The News Reporter has obtained a copy of an invoice for a real estate appraisal of the Columbus County Department of Aging building in Whiteville from the county finance department but the actual appraisal has not been released.

The $750 Lacy Wilson Properties invoice indicates the appraisal was conducted on Jan. 6 – ten days before a closed session was held to discuss selling the building. The invoice was stamped “received” by county administration on Jan.18 but not forwarded to the finance department until Jan.31.

It appears Chairman Sammie Jacobs signed the in-voice.

Attached to the statement is a handwritten note to County Manager Jim Varner, dated Jan. 17, that reads: “Jim – Lynwood told me to forward this invoice to you and that you knew about it and would have it paid from county funds. Thanks Ed Worley (Department of Aging Director).”

“I haven’t seen an appraisal,” Commissioner Lynwood Norris told The News Reporter last week. “I had nothing to do with getting an appraisal or anything.”

On Monday, Commissioner James Prevatte hand-delivered a memo to The News Reporter.
“As you are aware, an appraisal has been completed on the Whiteville Senior Center. After speaking to County Attorney Steve Fowler, we acknowledge this is indeed public information.

“However, Mr. Fowler and County Manager Jim Varner are out of their offices due to illness.

“Mr. Fowler also serves as the county’s public infor-mation officer and has been directed to release this in-formation and all public information requested as soon as possible,” the memo reads.

The document includes notarized signatures of Com-missioners Prevatte, Ronald Gore and Ricky Bullard.

Last week, Fowler told The News Reporter his office was not the only means of ob-taining a copy of the public record.

Dodging a direct answer to the question “Do you have a copy of any appraisal in your possession?” Fowler finally responded that he was not aware of any appraisals.

Fowler also told The News Reporter that a request for closed session minutes from Jan. 16 could not be released until the commissioners voted to release the minutes.

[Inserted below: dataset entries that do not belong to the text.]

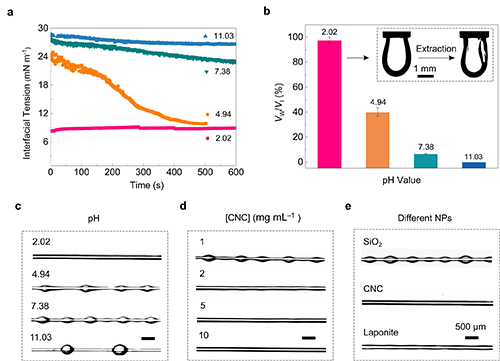 由于纖維表面的油膜演變為不均勻液膜(紡錘結構液膜)僅需0.5 s,因此界面組裝形成的PDMS-NH2/CNC-OSO3H組裝體能否抑制油膜的Plateau–Rayleigh不穩定,主要取決于兩者共組裝動力學,即組裝至兩相界面并形成阻塞狀態的時間尺度。二者的共組裝動力學受多個參數影響:包括可調控靜電相互作用的pH值(取決于PDMS-NH2和CNC-OSO3H的pKa值),決定擴散速率的聚合物和顆粒尺寸,以及影響擴散至界面平均距離的濃度。基于此,作者研究了水相pH、CNC濃度、納米粒子種類、聚合物鏈結構和濃度對二者界面組裝動力學的影響,并通過纖維在流體涂覆過程中觀察各條件下液膜Plateau–Rayleigh不穩定的抑制情況。研究發現在0.5 s內,二者界面組裝體密度≥75%可抑制纖維表面液膜的Plateau–Rayleigh不穩定,在纖維表面得到均勻液膜。
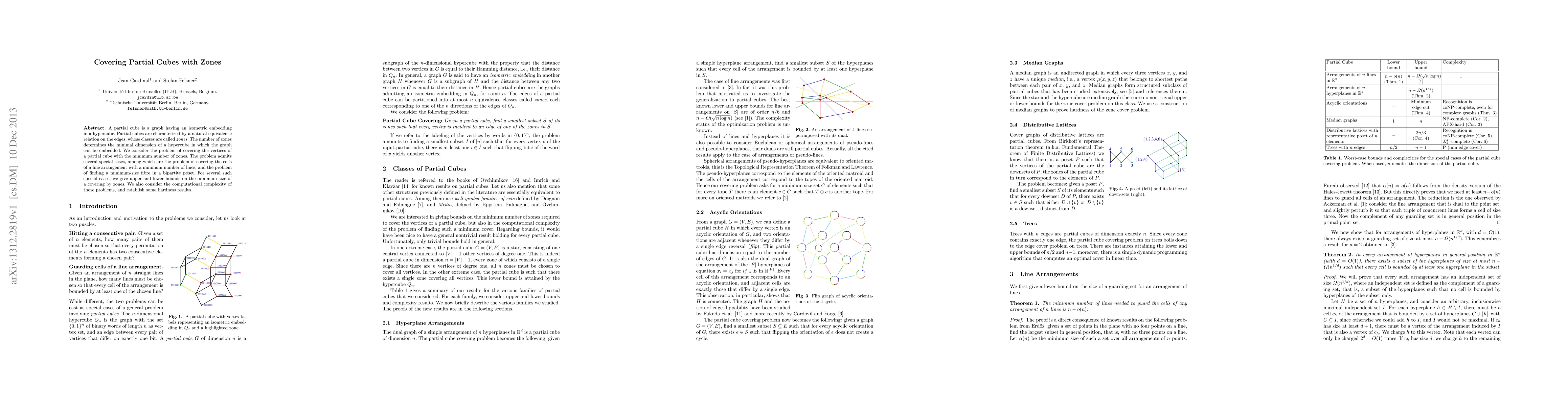 A partial cube is a graph having an isometric embedding in a hypercube. Partial cubes are characterized by a natural equivalence relation on the edges, whose classes are called zones. The number of zones determines the minimal dimension of a hypercube in which the graph can be embedded. We consider the problem of covering the vertices of a partial cube with the minimum number of zones. The problem admits several special cases, among which are the problem of covering the cells of a line arrangement with a minimum number of lines, and the problem of finding a minimum-size fibre in a bipartite poset. For several such special cases, we give upper and lower bounds on the minimum size of a covering by zones. We also consider the computational complexity of those problems, and establish some hardness results.
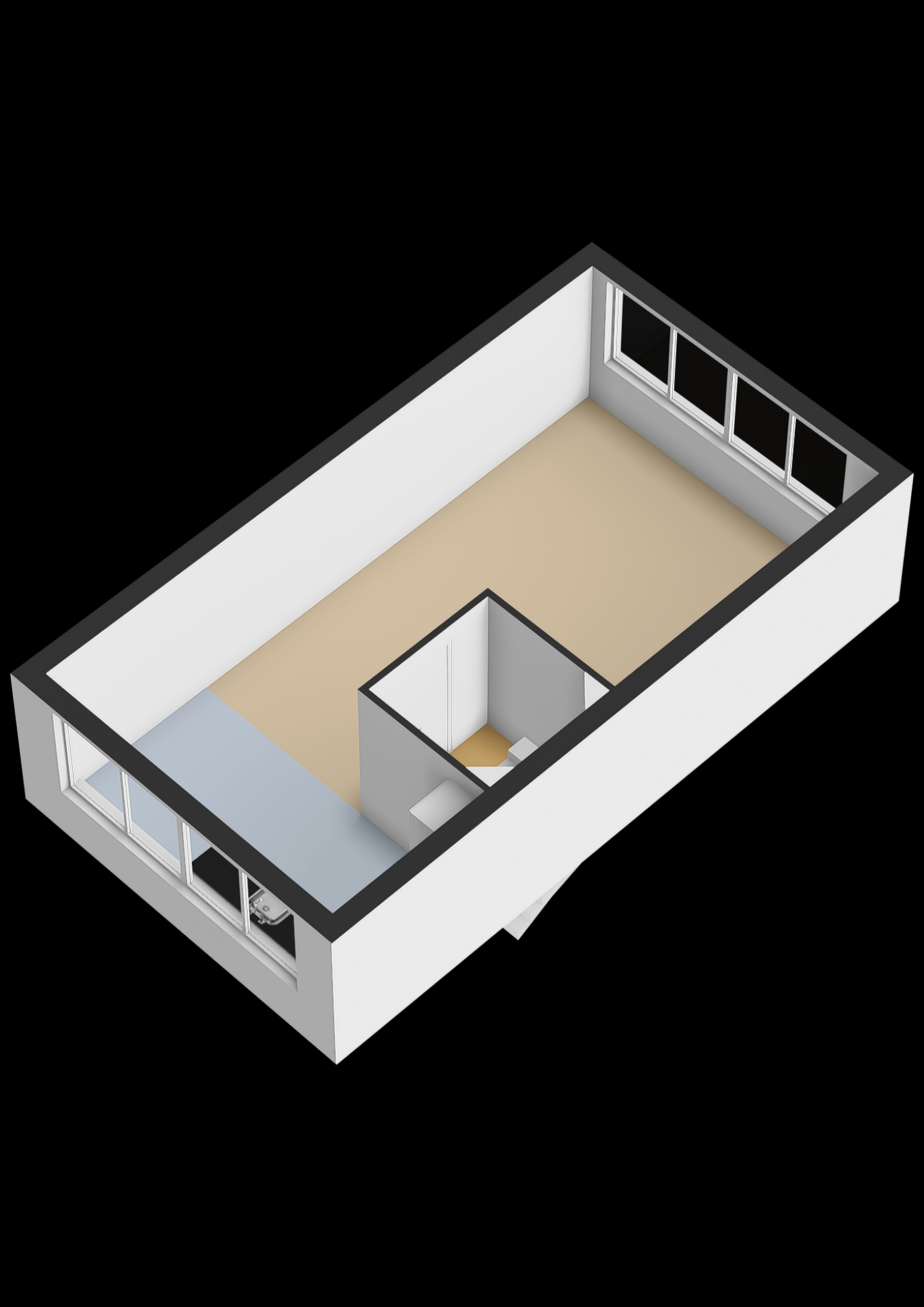 De derde kamer aan de achterzijde is de grootste op deze etage en meet ca.19m².
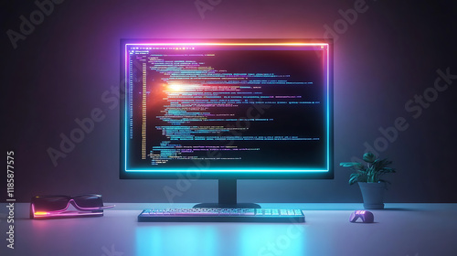 computer, monitor, game, code, programming, technology, neon, goggles, keyboard, plant, desk, workspace, digital, screen, software, development, coding, modern, colourful, light, creative, futuristic, electronic, home office, gaming, interface, design, innovation, aesthetic, visual
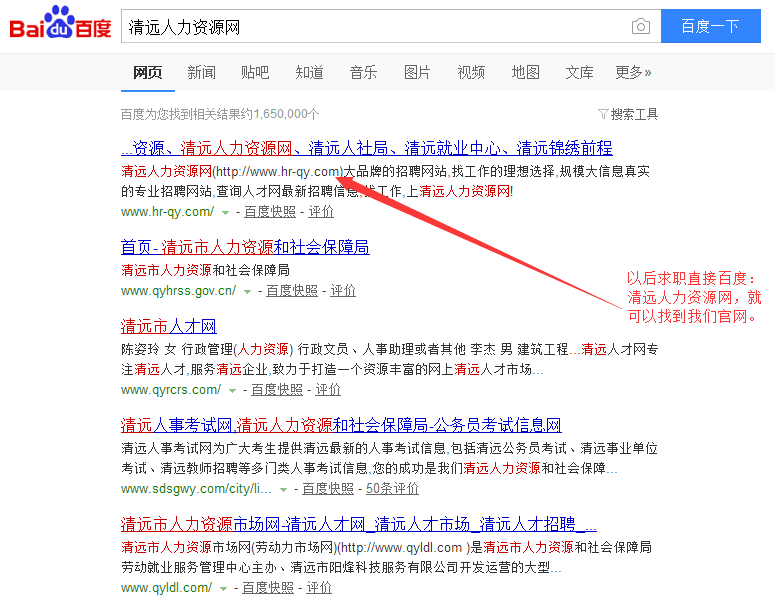 恭喜“清遠(yuǎn)人力資源網(wǎng)”www.jingzhiedu.com榮登百度搜索清遠(yuǎn)地 區(qū)首位。清遠(yuǎn)人力資源網(wǎng)是由清遠(yuǎn)市人力資源市場(chǎng)指導(dǎo)、清遠(yuǎn)市錦繡 前程人力資源有限公司運(yùn)營(yíng)的官方求職招聘平臺(tái)。從3月份正式推 廣到現(xiàn)在,本網(wǎng)站已經(jīng)吸引了眾多企業(yè)與求職者注冊(cè)。
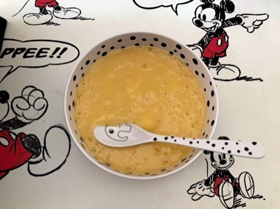 早朝からぐずっていたぺピート。ミルクをあげてもそれほど飲まず、眠そうなのでベッドに寝かせても泣いて眠りません。そこで、朝ごはんにまたフルーツミックスをあげてみました。すると、ミルクはそれほど飲まかったのでお腹は空いていないと思っていたのですが、フルーツミックスはパクパクと食べます。あっという間に完食です。フルーツミックスでお腹が一杯になったら、すぐにコテンと眠りました。

“We’ve been down this road before,” Attorney Amanda Martin with the N.C. Press Association and firm of Everett, Gaskins, Hancock and Stevens said. “Minutes do not need approval before being released.”

Fowler argues otherwise.

The News Reporter learned that a real estate appraisal had been conducted on the Department of Aging Building in Whiteville and sale of the building had been discussed in closed session.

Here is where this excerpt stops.